エホバの証人を「過激派」に認定~ロシア

ロシア連邦最高裁判所は4月20日、キリスト教系セクト「エホバの証人」を過激派組織と認定することを求めた法務省の申請を承認した。これにより、エホバの証人の関連施設は閉鎖、395の地域組織は解散される。また、資産は国家に没収される。宗教活動を続けた者は最高6年の懲役刑に処せられる。エホバの証人側は最高裁の判断を不服として、欧州人権裁判所への提訴を含む法的手段をとる姿勢だ。

エホバの証人は19世紀に米国で発祥した。1913年にロシアで初めて登録され、同国支部によると国内信者数は17万5,000人に上る。ソ連時代に政治的迫害を受けたが、体制転換後の1991年に名誉が回復された。

しかし、98年以降、エホバの証人を再び禁止しようとする動きが浮上。2004年のモスクワ支部閉鎖に関連し、欧州人権裁判所は10年に違法だったとする判決を下している。モスクワ支部の活動は15年に改めて合法化されたが、その後もエホバの証人への風当たりは弱まらなかった。80タイトル以上の宗教本が「過激派文書」に指定され、これを広めようとしたとして信者が起訴されたり、地域支部が閉鎖されたりした。
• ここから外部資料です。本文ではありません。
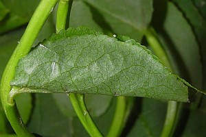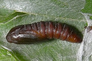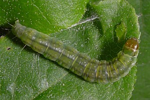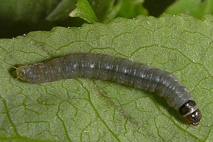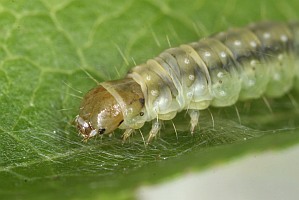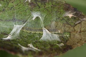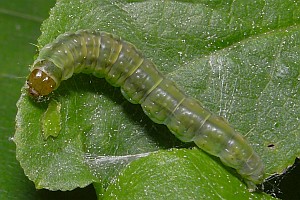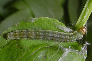 So einig wie bei dieser Art sind sich die Autoren selten. Disqué (1905: 227) nannte Vaccinium myrtillus als einzige Nahrungspflanze, ebenso Kennel (1913: 376). Schütze (1931: 154) formulierte zur Raupe: "Zwischen versponnenen Blättern an Vaccinium myrtillus Verwandlung in der Wohnung (Sorhagen und andere).". Und Schmid (2019: 596) schrieb: "Die Raupe lebt an Heidelbeere (Vaccinium myrtillus). Sie verspinnt einige Blätter zu einer Wohnung, aus der heraus sie die Nachbarblätter befrisst". Auch unsere oben gezeigten Raupen wurden alle an Heidelbeer-Blättern gefunden. Bei Hancock et al. (2015: 43) wird neben der Heidelbeere noch Arctostaphylos uva-ursi) angeführt, eine Angabe, die sich auf Meldungen aus Schottland bezieht. Nur Razowski (2001: 64) verlängert die Liste: "Vaccinium-Arten, besonders V. myrtillus (Vacciniaceae) und Rubus (Rosaceae)." Letztere geisterte zwar schon zuvor durch die Literatur, ist aber sehr fraglich bzw wahrscheinlich falsch.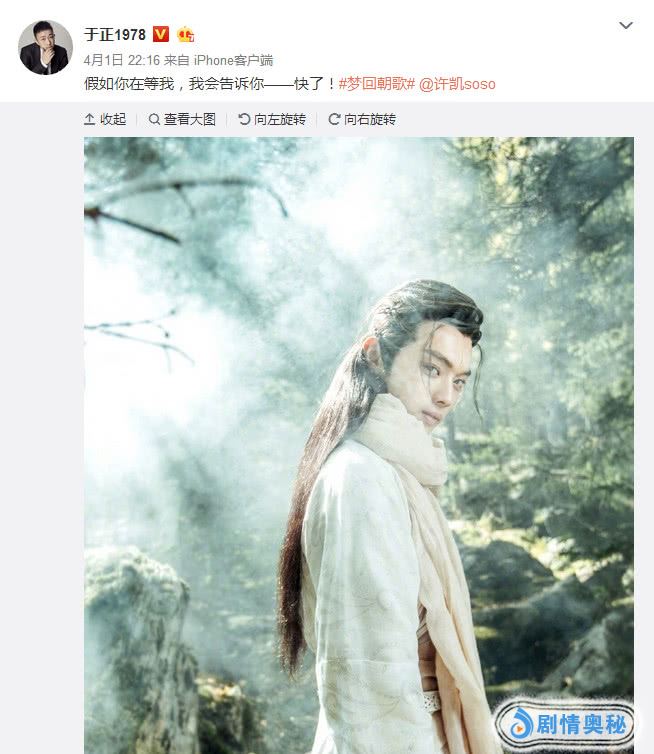 然而,近日,于正在网上的又一则与许凯有关发文再次引起了网友们的关注。只见于正在文中提到,假如你在等我我会告诉你快了,并备注上了朝歌这部剧。意思也就是说许凯眼下在继《招摇》之后的另一部剧就是《朝歌》了,而且这部剧很快就要播出了。相信许凯的粉丝们看到这个消息后也一定会非常开心吧,不知道网友们对这部《朝歌》是否期待呢?

人権団体の「ヒューマン・ライト・ウオッチ」は今回の最高裁の判断を「信仰・集会の自由を侵害するもの」と批判。モスクワの非政府組織(NGO)で政治的急進主義の動きを調査しているSOVA研究所も「宗教的迫害以外の何物でもない」と明確なコメントを出している。

一方で、法務相代理はエホバの証人が「社会のがんである」と述べ、「他の攻撃的セクトも用心するがよい」とけん制した。ロシア社会に大きな影響力を持つロシア正教会は、エホバの証人が「国民・宗教的アイデンティティ改変を狙っている」という非難を繰り返してきた。また、ナショナリストらは発祥地が米国である事実を取り上げて「ロシア衰退を狙う米国の手先」と攻撃している。政府はこれらの勢力の意向をくみながら、自らの意に沿わない少数派を排除して権力を維持していく姿勢を崩していないようだ。